**TASK DIRECTIONS**: Omit all pictures. Quote only the lines from the one with "手绘黑色北京地标线描建筑素材" through the end of the material below.

**COLLECTED DATA**:

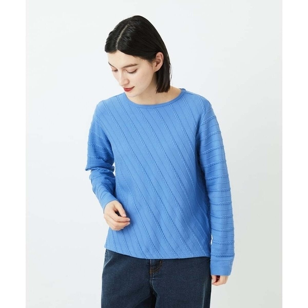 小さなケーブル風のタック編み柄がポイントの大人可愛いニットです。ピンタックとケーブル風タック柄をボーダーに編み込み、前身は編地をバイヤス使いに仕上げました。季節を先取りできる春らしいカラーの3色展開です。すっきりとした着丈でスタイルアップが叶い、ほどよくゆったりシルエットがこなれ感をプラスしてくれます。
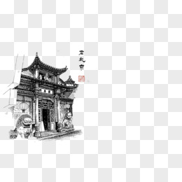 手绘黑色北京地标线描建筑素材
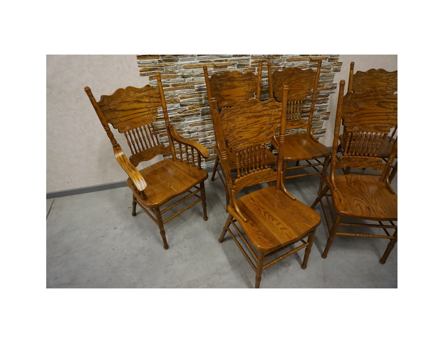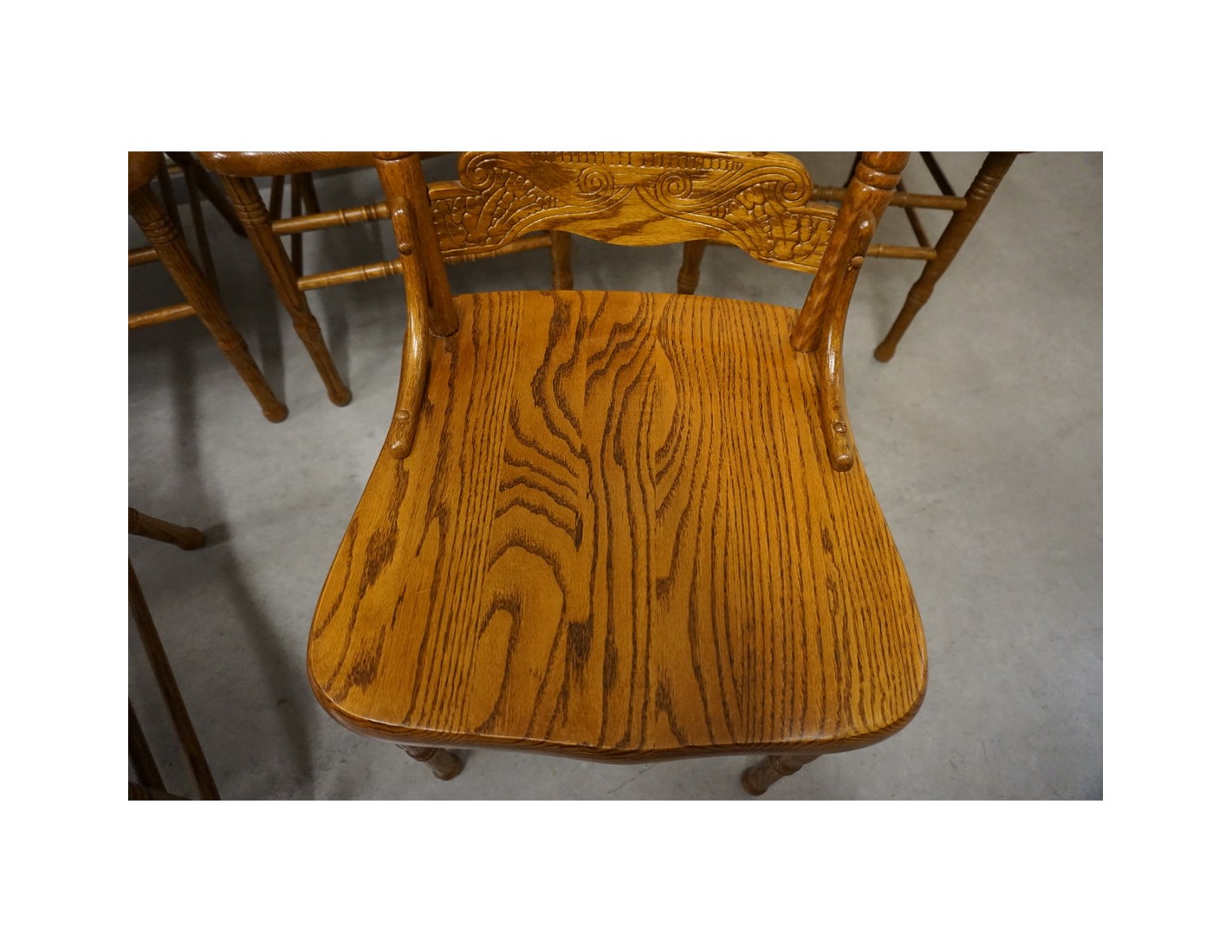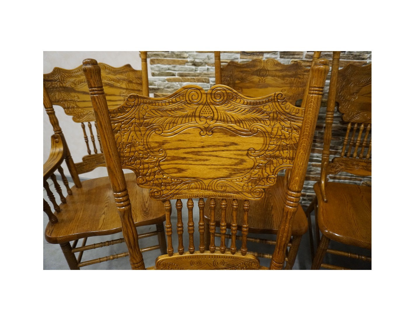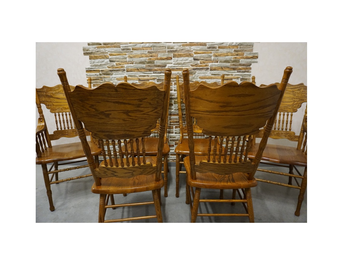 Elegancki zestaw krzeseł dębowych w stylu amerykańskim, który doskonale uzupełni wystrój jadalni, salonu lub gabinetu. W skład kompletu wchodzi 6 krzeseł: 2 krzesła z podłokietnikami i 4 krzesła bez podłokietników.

**ANSWER TO THIS PROBLEM**:
 手绘黑色北京地标线描建筑素材
 Elegancki zestaw krzeseł dębowych w stylu amerykańskim, który doskonale uzupełni wystrój jadalni, salonu lub gabinetu. W skład kompletu wchodzi 6 krzeseł: 2 krzesła z podłokietnikami i 4 krzesła bez podłokietników.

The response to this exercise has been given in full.